What advantage Mary Ann Cotton derived from her poisonings can have been but small, almost as small as that gained by Helene Jegado. Was it for social advancement that she murdered husbands and children? Was she a 'climber' in that sphere of society in which she moved? One hesitates to think that passion swayed her in being rid of the infant obstacle to the fifth marriage of her contemplation. With her "all o'er-teeming loins," this woman, Hecuba in no other particular, must have been a very sow were this her motive.
But I have come almost by accident on the word I need to compare Mary Ann Cotton with Jegado. The Bretonne, creeping about her native province leaving death in her track, with her piety, her hypocrisy, her enjoyment of her own cruelty, is sinister and repellent. But Mary Ann, moving from mate to mate and farrowing from each, then savaging both them and the litter, has a musty sowishness that the Bretonne misses. Both foul, yes. But we needn't, we islanders, do any Jingo business in setting Mary Ann against Helene.
VII: — THE MERRY WIDOWS
Twenty years separate the cases of these two women, the length of France lies between the scenes in which they are placed: Mme Boursier, Paris, 1823; Mme Lacoste, Riguepeu, a small town in Gascony, 1844. I tie their cases together for reasons which cannot be apparent until both their stories are told—and which may not be so apparent even then. That is not to say I claim those reasons to be profound, recondite, or settled in the deeps of psychology. The matter is, I would not have you believe that I join their cases because of similarities that are superficial. My hope is that you will find, as I do, a linking which, while neither profound nor superficial, is curious at least. As I cannot see that the one case transcends the other in drama or interest, I take them chronologically, and begin with the Veuve Boursier:
At the corner of Rue de la Paix and Rue Neuve Saint-Augustine in 1823 there stood a boutique d'epiceries. It was a flourishing establishment, typical of the Paris of that time, and its proprietors were people of decent standing among their neighbours. More than the prosperous condition of their business, which was said to yield a profit of over 11,000 francs per annum, it was the happy and cheerful relationship existing between les epoux Boursier that made them of such good consideration in the district. The pair had been married for thirteen years, and their union had been blessed by five children.
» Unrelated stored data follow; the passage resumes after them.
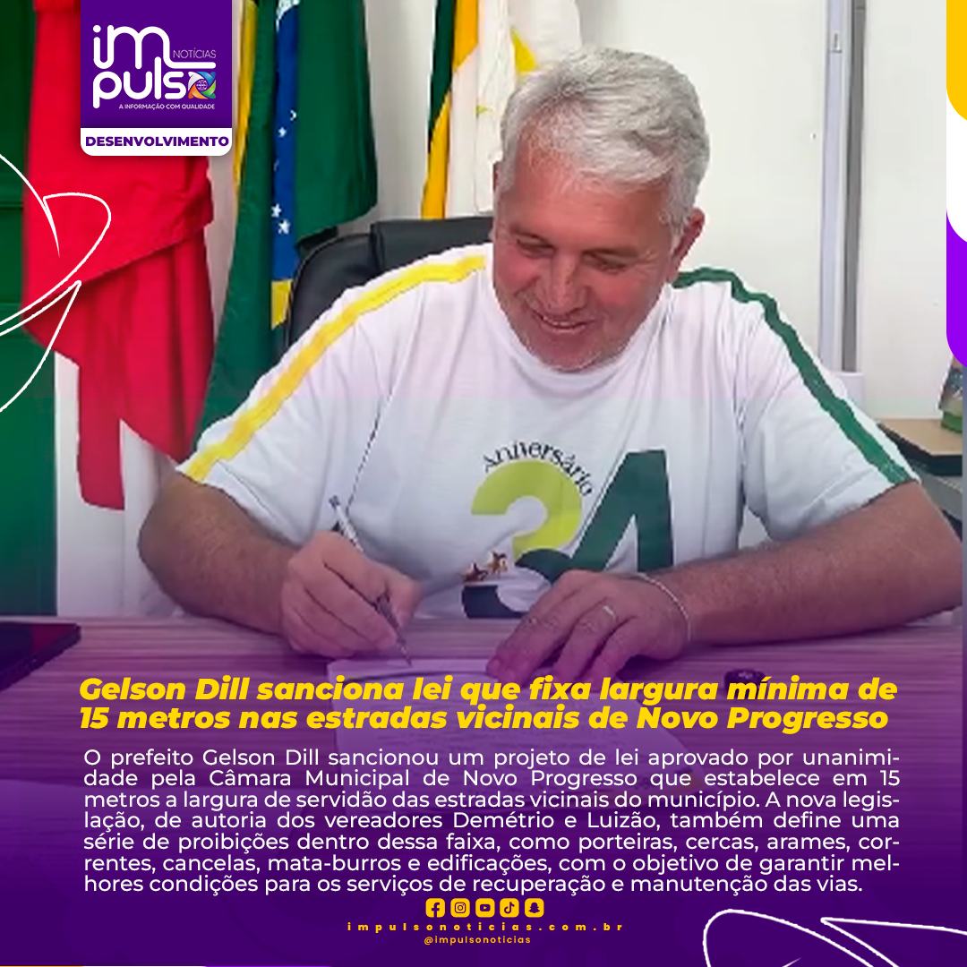 O prefeito Gelson Dill sancionou um projeto de lei aprovado por unanimidade pela Câmara Municipal de Novo Progresso que estabelece em 15 metros a largura de servidão das estradas vicinais do município. A nova legislação, de autoria dos vereadores Demétrio e Luizão, também define uma série de proibições dentro dessa faixa, como porteiras, cercas, arames, correntes, cancelas, mata-burros e edificações, com o objetivo de garantir melhores condições para os serviços de recuperação e manutenção das vias.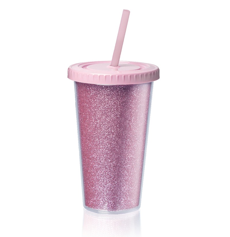 Vaso térmico con sorbete, ideal para bebidas frías. Libre de BPA. Cuerpo cristal con insert con brillante. Capacidad 500 cc. Lavar a mano, no usar en microondas.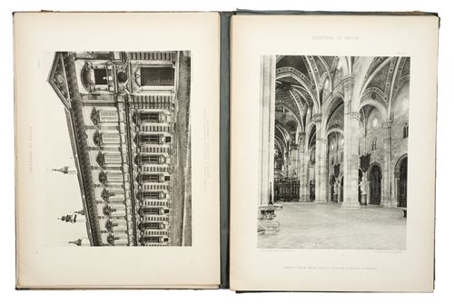 Subasta 710, Lote # 100 A - Jardins d'Italia / Interiors in the Old Italian Tyrol / Portali e Palazzi di Genova / L'Architettura Italiana / La Certosa di Pavia. Carpetas de Arquitectura y Decoración Italiana. a) Gromort, Georges. Jardins d' Italia. Paris: A. Vincent, 1922. Folio marquilla, 36 p. + 148 láminas. Carpeta deteriorada. En carpeta. b) Interiors in the Old Italian Tyrol. Sin pie de imprenta. 4o. marquilla. Sixty plates. En carpeta. c) Grosso, Orlando. Portali e Palazzi di Genova. Milano: Bestetti & Tumminelli. Folio marquilla, 4 h. + Frontispicio + LX láminas (falta lámina V). En carpeta. d) Bianchi, Carlo / Cavallazzi, Antonio (Directores). L'Architettura Italiana. Torino: Crudo & Lattuada, 1905 - 1906. Folio marquilla, 2 h. + 48 p. Año primo, Números 1 - 12. Periódico mensile di Costruzione e di Architettura Pratica. Sin lomo. En carpeta. e) Beltrami, Luca. La Certosa di Pavia. Milano - Parigi: D. Coen & Co. Folio marquilla, 6 p. + 1 h. + 45 láminas. 45 tavole in fototipia. En carpeta. Total de piezas: 5. Estimado $2,000-3,000

Boursier, a middle-aged man of average height, but very stout of build and asthmatically short of neck, was recognized as a keen trader. He did most of his trading away from the house in the Rue de la Paix, and paid frequent visits, sometimes entire months in duration, to Le Havre and Bordeaux. It is nowhere suggested that those visits were made on any occasion other than that of business. M. Boursier spent his days away from the house, and his evenings with friends.
It does not anywhere appear that Mme Boursier objected to her husband's absenteeism. She was a capable woman, rather younger than her husband, and of somewhat better birth and education. She seems to have been content with, if she did not exclusively enjoy, having full charge of the business in the shop. Dark, white of tooth, not particularly pretty, this woman of thirty-six was, for her size, almost as stout as her husband. It is said that her manner was a trifle imperious, but that no doubt resulted from knowledge of her own capability, proved by the successful way in which she handled her business and family responsibilities.